Unless you have completely given up reading the news (and honestly, who could blame you at the moment?) you have probably heard about the critical Russia report, which dropped on Tuesday after months of delay.
The paper, which was written by parliament’s intelligence and security committee (ISC), found the UK government – and intelligence agencies – did not do enough to investigate or protect the UK from Russian interference in the 2016 EU referendum. (Yes, the report is a *big* deal.)
Among the accusations from MPs was that the UK was “clearly a target” for disinformation campaigns around its elections – including the referendum on Brexit – but that no organisation had stepped up to grab this “hot potato”.
The ISC has called on the government to create a new protocol with social media companies to bar from their platforms Russian “bots” intent on hostile state activity.
But transport secretary Grant Shapps doesn’t seem convinced.
The government has already rejected calls for an inquiry into the EU referendum, insisting there is “no evidence” of successful interference (though that’s mainly because no one looked for any).
But speaking on Wednesday, Shapps appeared to go even further – and suggest that Brits were simply too clever to fall for bots, Russian or otherwise.
He told BBC Radio 4′s Today programme: “We know that these bots exist. I think the British people were more intelligent than to fall for, sort of, social media...”
Unfortunately for Shapps (and his faith in the British public), researchers believe he is wrong.
A research collaboration between the University of Swansea and the University of California, Berkeley, in 2017 found: “Leavers were more likely to be influenced by bots compared to Remainers.
“These results suggest that dissemination of information is consistent with what is frequently referred to as an ‘echo chamber’ – a situation in which information, ideas, or beliefs are amplified or reinforced by communication and repetition inside a defined system, revealing that the outcome is that information is more fragmented rather than uniform across people.”
A paper by the same team considering the impact of bots’ tweets on the referendum and on the 2016 US presidential election found that “bots had a perhaps limited, but tangible effect on humans”. Overall, they wrote, “our results suggest that the aggressive use of Twitter bots, coupled with the fragmentation of social media and the role of sentiment, could contribute to the vote outcomes”.
Its authors also point to a “massive volume of ‘Russian’ tweets [about the referendum] created only a few days before the voting day,” that “reached its peak during the voting and result days, then dropped immediately afterwards”. They used the default profile language of the accounts to determine whether they might be of Russian origin, though pointed out these. were not necessarily all bots.

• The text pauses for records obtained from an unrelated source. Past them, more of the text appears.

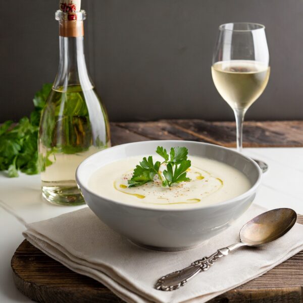 Riesling wird an der Mosel nicht nur getrunken, sondern auch fürs Kochen verwendet. Für die kalte Jahreszeit eignet sich die traditionelle Rieslingsuppe ganz besonders. Allerdings wird für ihre Zubereitung meist Sahne oder Rahm in industriell anmutenden Mengen verwendet. Was kann bei einer Alternative Abhilfe schaffen? Eine Mischung aus Pastinaken- und Kartoffelpüree – am besten mit einem kleinen Schuss veganer Sahne – verleiht der Ersatzversion das typische Aussehen und sättigt außerdem zusätzlich. Eine ideale Lösung für alle, die sich auch im Veganuar nicht die Suppe vom Teller nehmen lassen wollen.
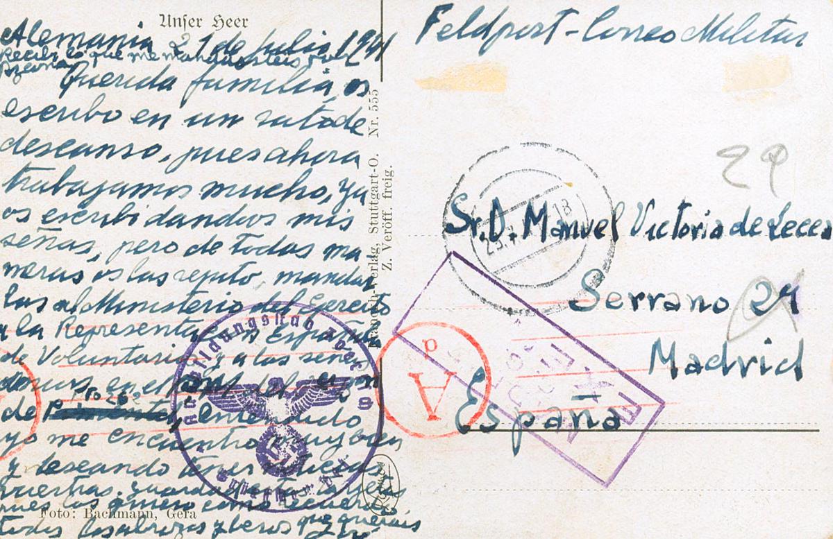 1941. LOS PRIMEROS DIAS-CAMPAMENTO DE GRAFENWÖHR (21 de Julio). GRAFENWÖHR (ALEMANIA) a MADRID. Fechador mudo alemán, marcas AUSBILDUNGNSSTAB FOERLICH / BRIEFSTEMPEL y rodillo A / D, en rojo, en el texto el remitente indica que le escriban al Ministerio del Ejército, Representación Española de Voluntarios, aún no estaban asignados los números de Correo de Campaña (Feldpost). MAGNIFICA Y RARA.
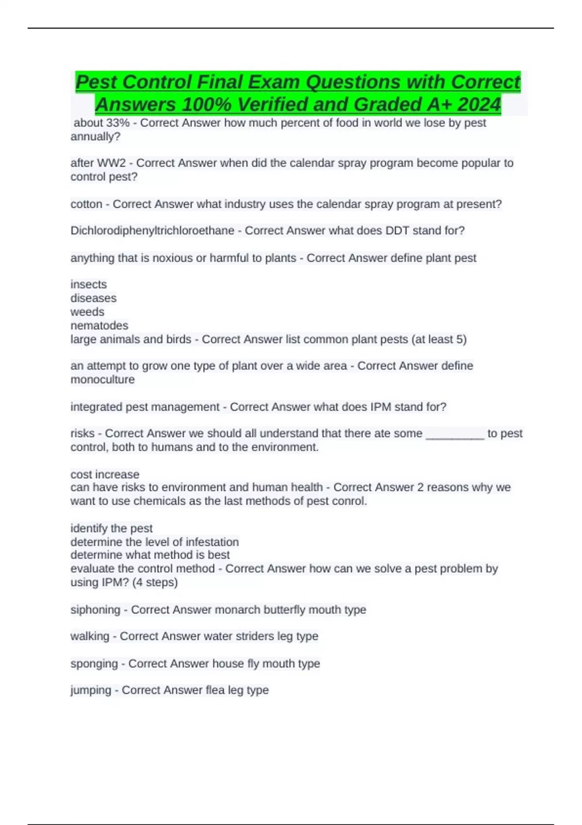 evaluate the control method - Correct Answer how can we solve a pest problem by

Tho Pham, one of the paper’s authors, told the Times that “the main conclusion is that bots were used on purpose and had influence”. The Times had revealed that Russian Twitter accounts – many of which are believed to be bots – had posted more than 45,000 messages in 48 hours during the EU referendum.
But that’s not all. In 2018, Bloomberg reported that a working paper from the National Bureau of Economic Research estimated that Twitter bots added 1.76% to the pro-Leave vote share during the EU referendum.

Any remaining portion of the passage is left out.